How we cite our quotes: Citations follow this format: (Act.Scene)
Quote #7
Lady Croom: It is a defect of God's humour that he directs our hearts everywhere but to those who have a right to them. (2.6)
Lady Croom's assertion that sexual attraction is so nonsensical even God can't figure it out sounds kind of similar to her descendant Chloë's thoughts on a similar subject (see below) – we wonder whether the characters who are less serially monogamous think differently.
Quote #8
Septimus: But is Mr Chater deceived?
Lady Croom: He insists on it, and finds the proof of his wife's virtue in his eagerness to defend it. Captain Brice is not deceived but cannot help himself. He would die for her. (2.6)

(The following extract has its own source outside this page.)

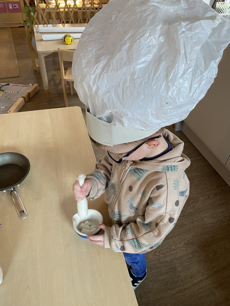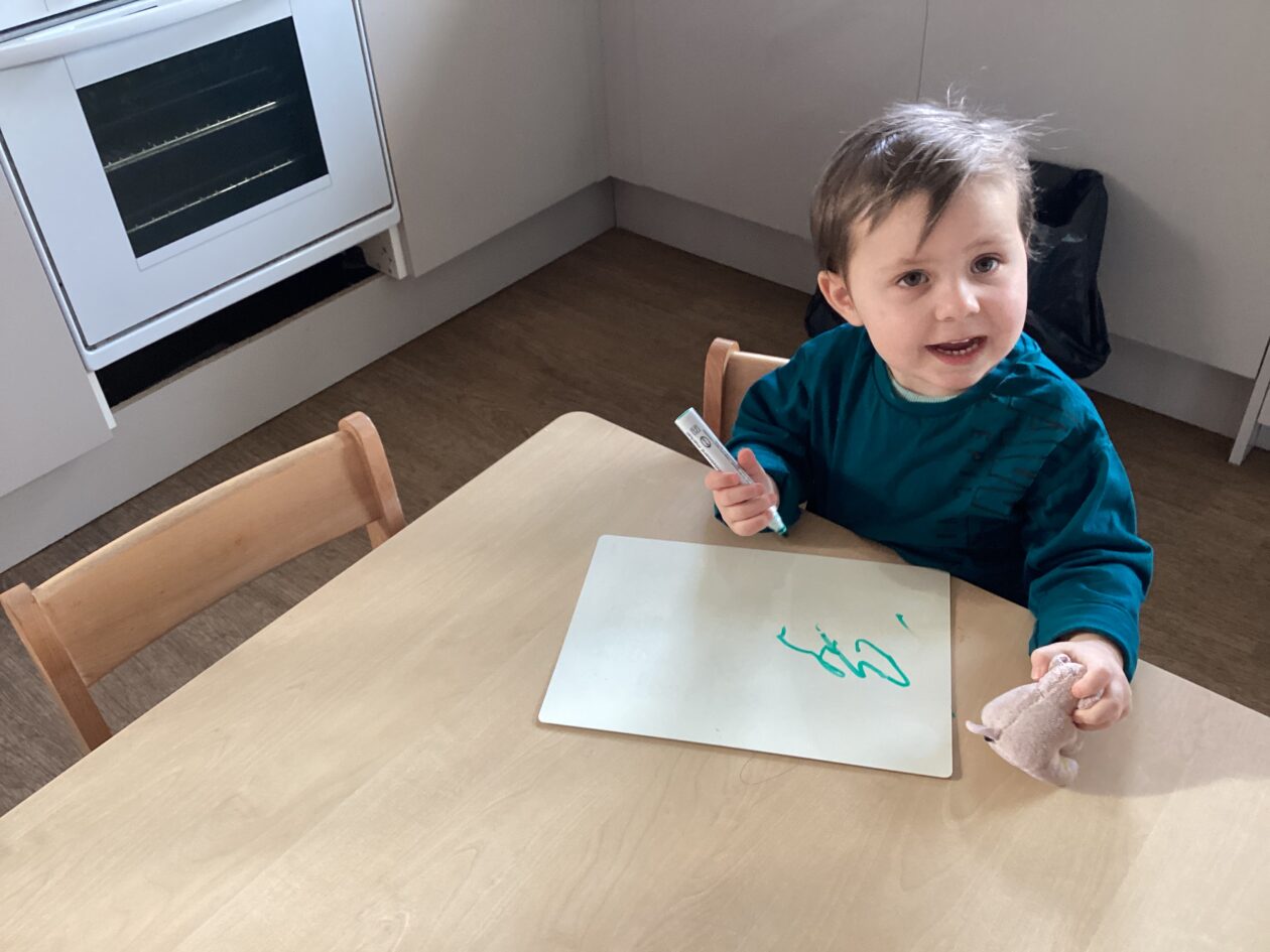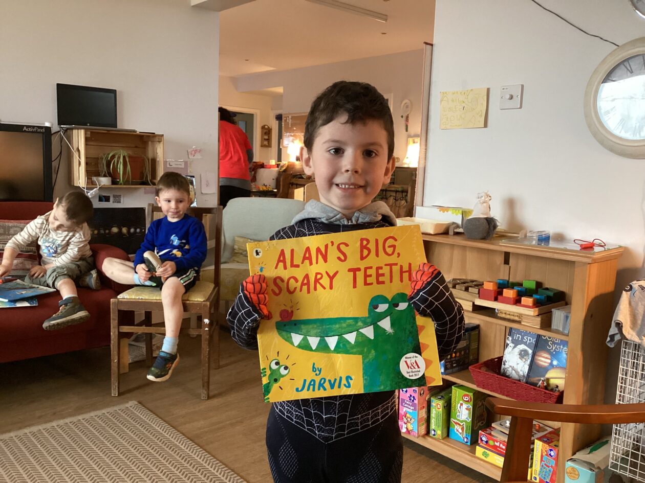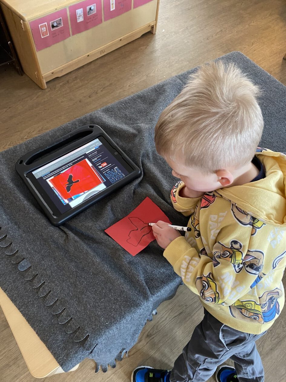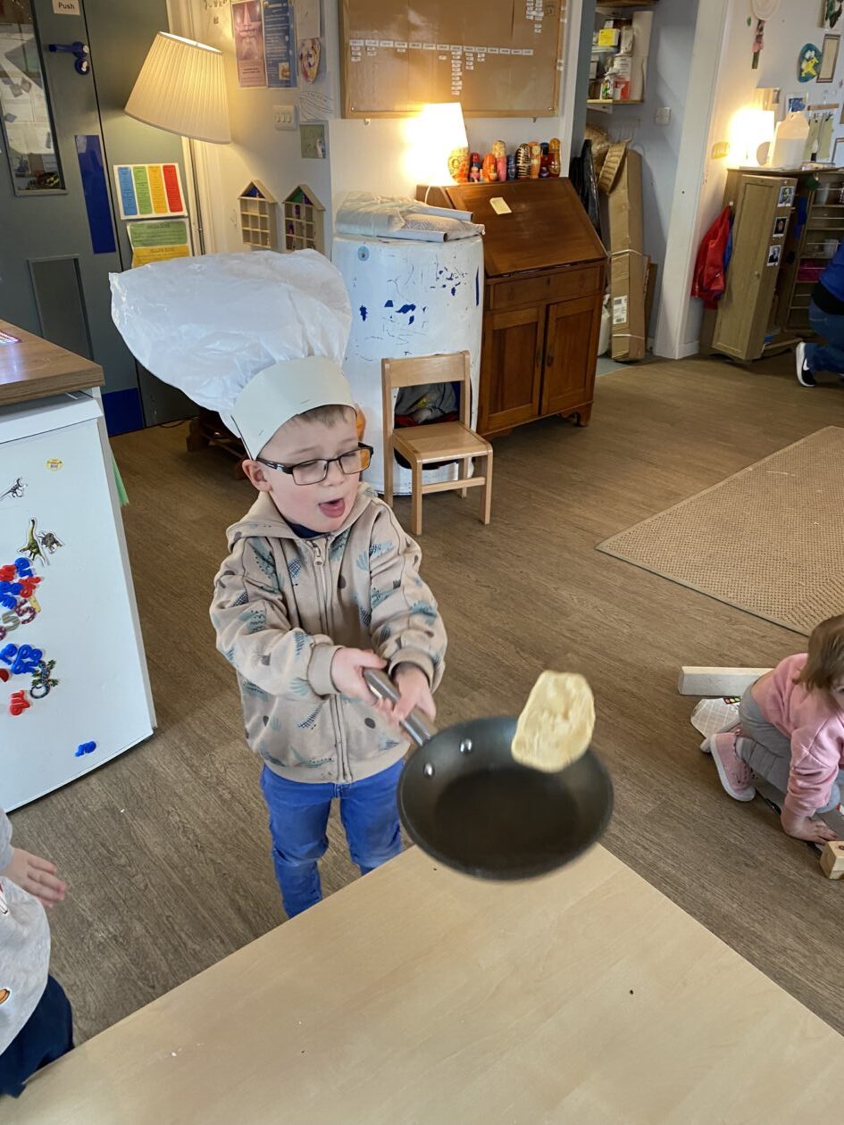The outdoor room is always a popular choice and a great place to observe schemas (a repeated action used to explore and test theories in play). The bairns have used positioning, transporting, trajectory, enveloping, rotation and enclosure schemas in their play this week. They made paper aeroplanes and then built a platform to launch their planes from, watching how far they flew. They have also been engaged in imaginative play using the large hollow blocks and cable drums as fishing boats. “He is da een dat goes in da water. He is da fishing een and I’m da Captain.”

Again love, sex, or some combination of the two triumphs over reason. Even though Captain Brice knows with his head that Mrs. Chater would drop him like a overheated Hot Pocket if something better came along, he can't help loving her.
Quote #9
Septimus: My lady, I was alone with my thoughts in the gazebo, when Mrs Chater ran me to ground, and I being in such a passion, in an agony of unrelieved desire --
Lady Croom: Oh . . . !
Septimus: -- I thought in my madness that the Chater with her skirts over her head would give me the momentary illusion of the happiness to which I dared not put a face.
Lady Croom: I do not know when I have received a more unusual compliment, Mr Hodge. (2.6)
Septimus sure knows how to sweet-talk the ladies ... or not. He's fortunate that Lady Croom takes his comment in the spirit that it was meant – which suggests that they have a similarly unconventional attitude towards sex.